Alliés sur le plan politique – on le verra plus loin à propos du débat engagé au sein de la Commission des Droits de l’homme de l’Organisation des Nations-Unies sur la situation à Cuba – les Etats membres de l’Union européenne sont en même temps des concurrents directs des Etats-Unis sur le plan économique. “ L’Union européenne doit davantage son statut de puissance mondiale à son rôle d’acteur commercial qu’à son envergure politique. Ses performances dans les échanges mondiaux dépassent même celles de ses plus grands partenaires, les Etats-Unis et le Japon ”, observent Christian Hen et Jacques Léonard 114 . “ L’Union a aussi usé du pouvoir de l’argent pour acheter son influence et sa puissance internationales. Ces dernières années, elle a considérablement grossi les montants qu’elle consacre à l’aide étrangère, même s’ils ne représentent toujours qu’une petite fraction des aides bilatérales accordées par ses Etats membres.

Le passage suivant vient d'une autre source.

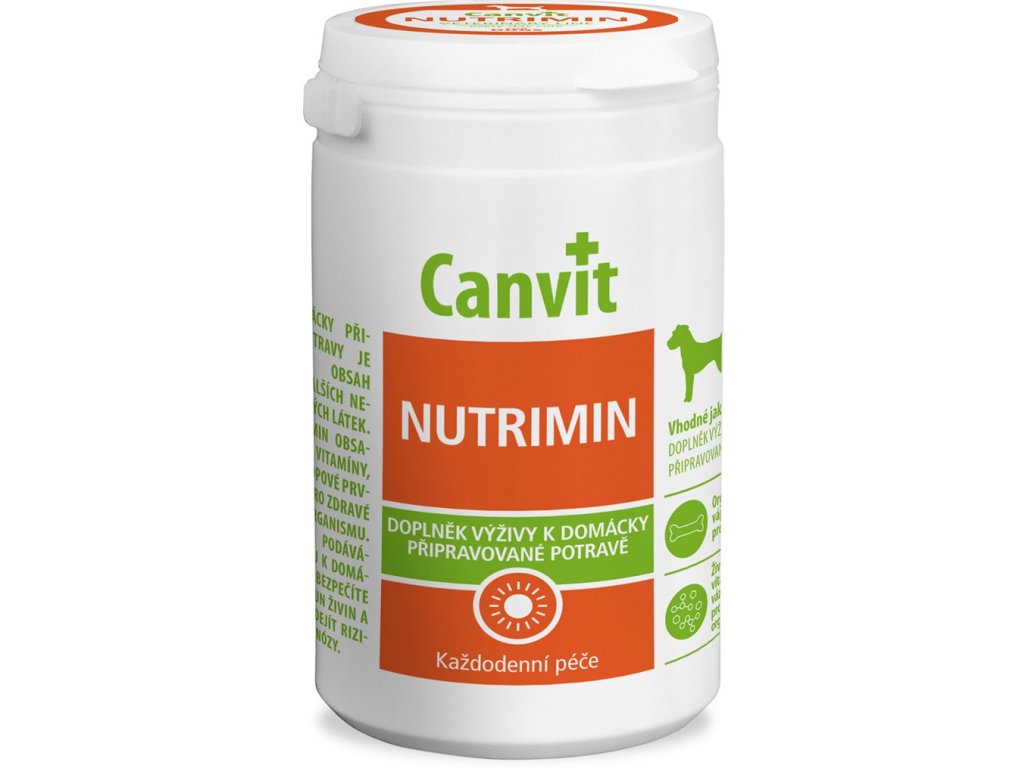 Canvit Nutrimin je komplex 14ti důležitých vitamínů, mikroprvků a L-karnitinu s vysokou biologickou dostupností pro vyvážení krmné dávky u doma připravované stravy (vařená strava, syrová strava BARF, konzervy a jiná nekompletní krmiva). Dále slouží jako léčba pro psy s diagnostikovanou hypovitaminózou.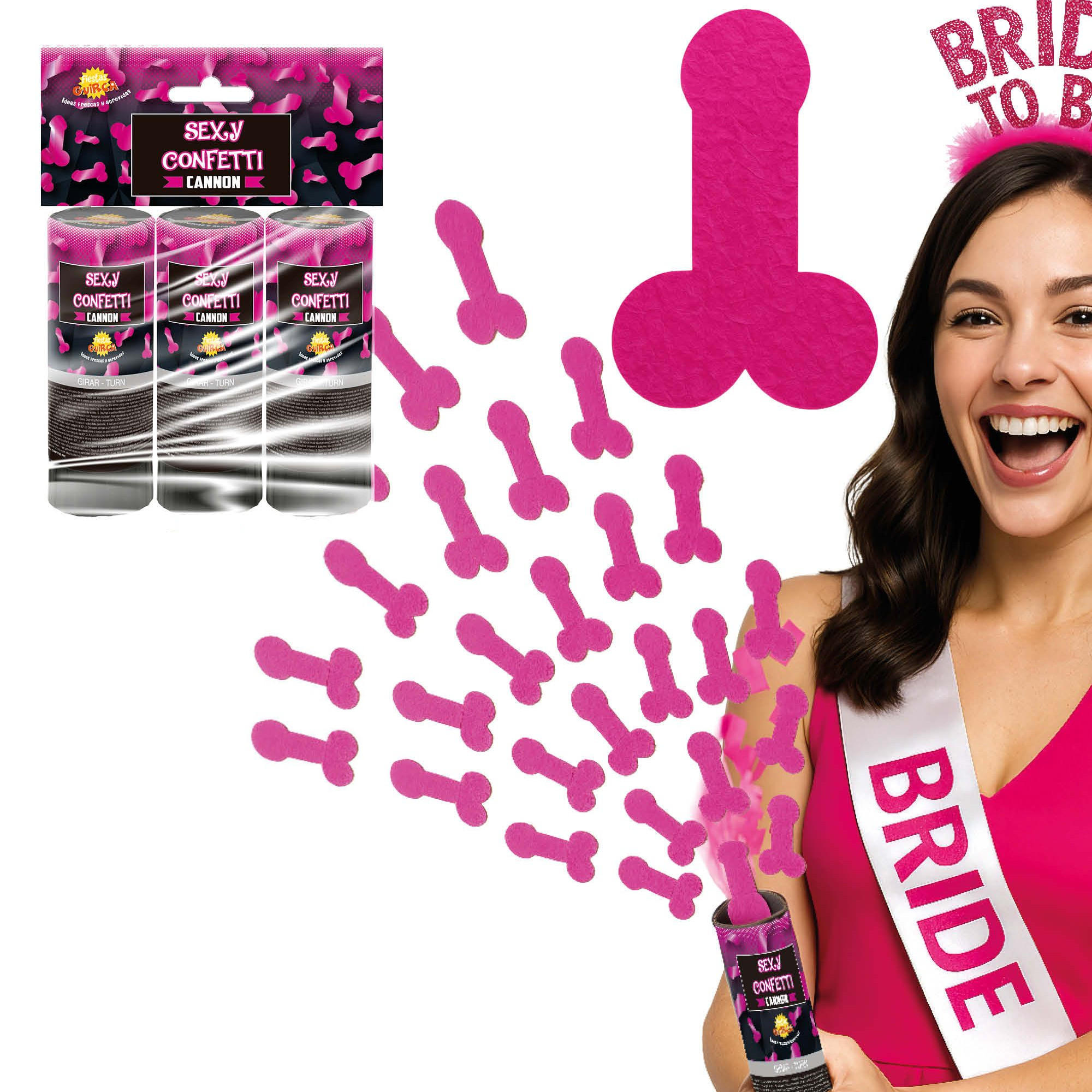 Canon de confettis en forme de pénis fuchsia - 10,5 cm (lot de 3)

Ses principaux bénéficiaires sont des partenaires privilégiés dans son voisinage immédiat et dans les anciennes régions coloniales du monde en développement.” C’est d’ailleurs sur ces fonds communautaires, au titre de “ la coopération économique de la Communauté européenne en faveur des pays en voie de développement en Amérique latine ” 115 , que le programme “ Espacio Europa ” a été financé. Sa réalisation a été présentée comme relevant d’une “ assistance technique européenne ” 116 .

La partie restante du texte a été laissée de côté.